Have you ever been to a really good Mexican restaurant where they bring you those amazing pickled carrots with jalapenos? Yeah, they’re pretty amazing. We’ve even posted on this before from our good friend and chef Alejandro! We had a bunch of veggies that were getting pretty sad, so instead of being wasteful we re-purposed them in to this incredible relish. We tossed this in to a fresh salad in lou of dressing, topped it on to some baked cod and added it like giardinera to a sandwich! It’s very versatile and packed with flavor. The recipe below is a loose version of what we did, use what you have on hand for vegetables- we used carrots, celery, onion, sweet mixed peppers and cilantro.
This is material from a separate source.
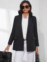 Women Solid Mandarin Casual Blazer (Black)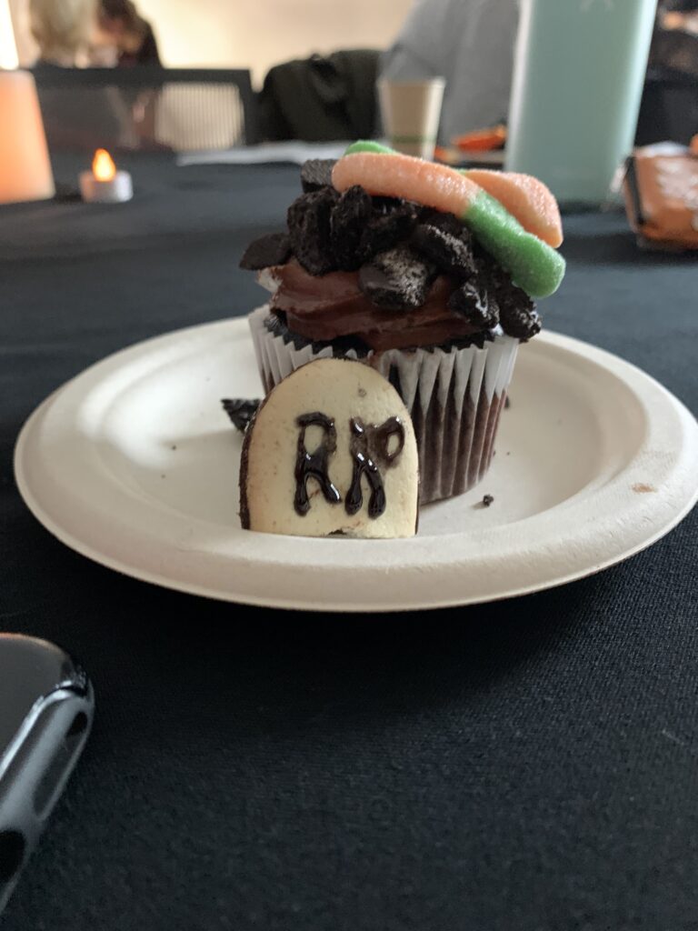 Alongside the English department’s traditional Haunted Coffee House, the new and evolving Literary Salon format offered a fresh opportunity to give students and faculty alike the jeepers-creepers. As the “Panel” name suggests, the literary salon took on a conference-panel like format, plus glowing LED candles, black tablecloths, and graveyard-themed cupcakes. After a quick Haunted Coffee House where students settled in with the aforementioned cupcakes and Jack-o-lantern clementines, the panel got underway!

2-3 cups vegetables, carrots/ celery/ onion/ peppers
4-6 garlic cloves, rough chop or whole
1/2 cup chopped cilantro, optional
1/2 cup apple cider vinegar
1/2 cup rice wine vinegar
1-2 cups water
1 teaspoon coriander seeds
1/2 tsp salt and pepper, to taste
1.) Chop your vegetables to bite size or relish size pieces ( however you’d like to eat them!)
2.) Place all vegetables, garlic, cilantro, vinegars and coriander, salt and pepper in to a large saucepan, add enough water to cover everything.
3.) Bring the pan to a boil, then reduce heat and cook for about 5 more minutes.
4.) Once cooled slightly, put in to Ball jars to store in the refrigerator, And they’ll keep for about 3 months.